Компания повзрослела. В институт не попал один Павел: его проводили в армию.

Потом была Чечня, засада в какой-то безымянной лощине, в которой почти поголовно полег их взвод. Пашка выжил, но в родную Пермь вернулся с одной ногой. И запил.

Мать плакала сутками напролет, отчаявшись достучаться до сына, она потащила его в какой-то подмосковный монастырь, о котором узнала от богомольных подружек. Тамошнего старца-настоятеля считали чуть ли не святым; Пашка терпеть не мог попов, но материны причитания были еще хуже, и он поехал.

— Старец Никодим отдал Господу душу, — сказал им по приезде первый встреченный монах — молодой, почти подросток. — Меня зовут отец Алексей. Я могу вам помочь?

— Поехали отсюда, мать, — неловко разворачиваясь на ненавистных костылях, буркнул Пашка, поняв, что учить его жизни вздумал именно этот недоросль.

— Иди, — спокойно проговорил ему в спину юный монах. — Вот только от себя, от своей вины и на двух ногах не убежишь, и с бутылкой не уплывешь. Особенно если и вины-то нет…

Пашка пробыл в Забытой Пустыни неделю.

Сегодня Алексей впервые попросил помощи, и теперь Павел сидел в старом сквере, словно впервые разглядывая знакомый памятник — четверых мужчин, стоявших незамкнутым кругом. Четверых вернувшихся с войны — и пустое место погибшего. Разорванный круг.

Мемориал «Разорванное братство».

Пора. Время.

Без одной минуты десять Пашка отложил костыли, взобрался на невысокий постамент и ровно в назначенное время положил руки на плечи скульптур, замыкая собой кольцо. Отец Алексей сказал, так надо простоять двадцать шесть минут.

Бронза быстро согрелась под ладонями. Статуи были надежны, как верные друзья, которые все легли в чужую каменистую землю и за которых жил теперь один Пашка.

* * *

Станция «Таганская кольцевая», Московский метрополитен,

23 сентября, среда, 22.15

— Сколько тебе так стоять?

Короткий эскалатор поднял священника и геоманта со станции на небольшую площадку. Второй отрезок эскалатора уходил с площадки вверх, но подниматься на поверхность Сергей не стал, а, закрыв глаза, встал в центре. Синий расписной потолок изгибался над площадкой куполом, и высшая его точка находилась как раз над неподвижно замершим мужчиной.

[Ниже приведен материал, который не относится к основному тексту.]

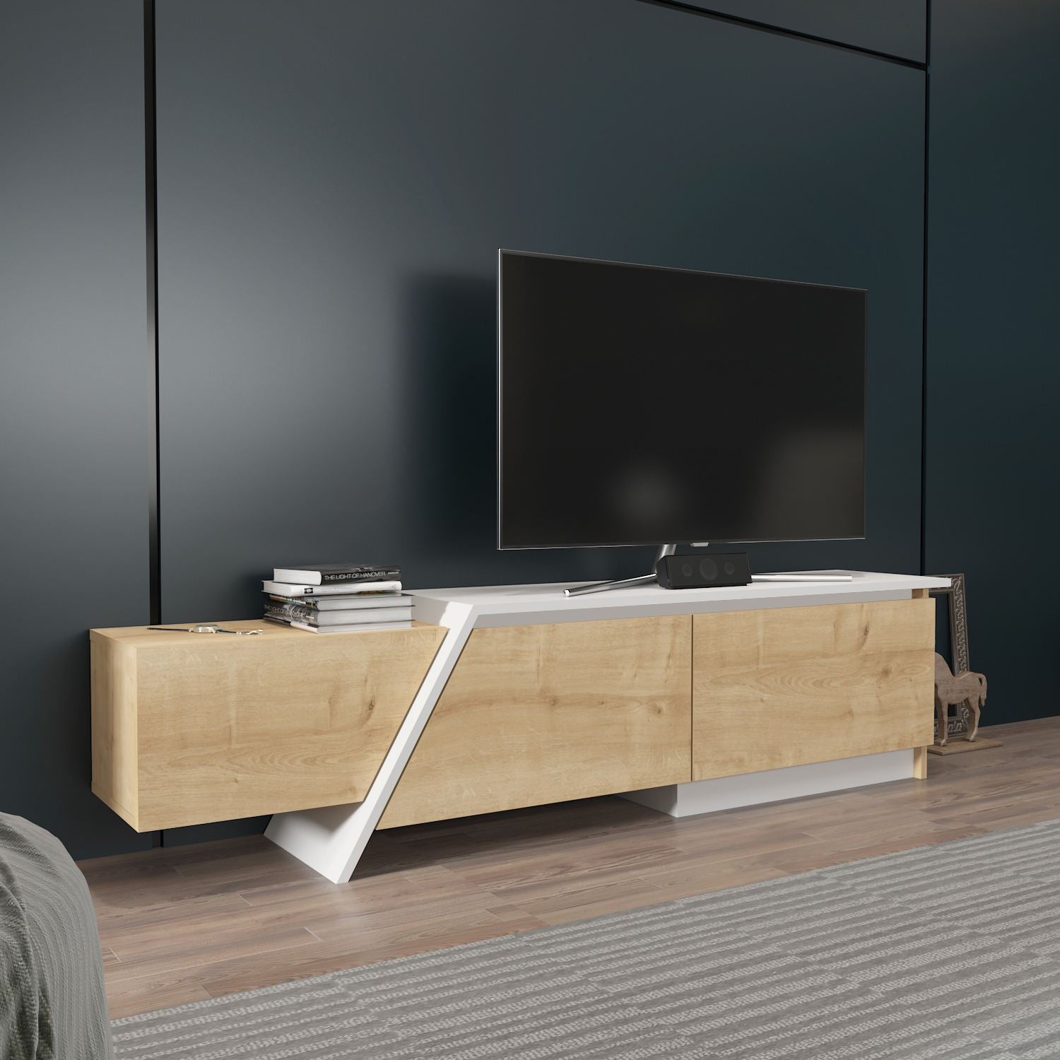 Móvel de TV – 180cm x 28,6cm x 35cm – Carvalho Safira e Branco – MDF

Прождав с четверть часа, Алексей решил задать вопрос.

— Еще минут десять.

— Тебе можно сейчас разговаривать?

— Было бы нельзя — молчал.

— Ты многому научился.

Геомант только поморщился.

Монах вздохнул. Разговор не клеился.

— Если бы не ты, ничему бы я не научился, — Сергей нарушил повисшее молчание. — Я же помню, Алексей, как ты мне в СИЗО наизусть пересказывал ваши книги, про геомантию, про Великие Дома. А потом я тренировался, все равно делать больше нечего было.

— Тренировался?

Геомант дернул уголком рта.

— Иркутская зона — самое паршивое из мест, где я сидел, — нехотя проговорил он. — Когда авторитетный хмырь решает, что тебя надо прессануть, потому что рожа твоя ему не катит…

— Не надо так говорить.

— По-другому не умею. А хмыря я не убивал, только припугнул. Зато теперь ту зону считают проклятой.

— Будь осторожнее. Твой дар — большая редкость, Великие Дома дорого заплатили бы за тебя.

Виноградов не ответил. Он молчал оставшиеся десять минут; потом осторожно, морщась от боли в затекших ногах, отошел к стене и устало привалился к ней.

— Они ведь никак не могут проверить мои арканы, — тихо проговорил он. — Поэтому платили бы мне, а не за меня. За мое добровольное сотрудничество, — усмешка на миг искривила его губы. — Не волнуйся, Алексей. Великим Домам уже нечего мне предложить.


— Базарят, ты лепилу склеил из областной? И как эта бикса, центровая?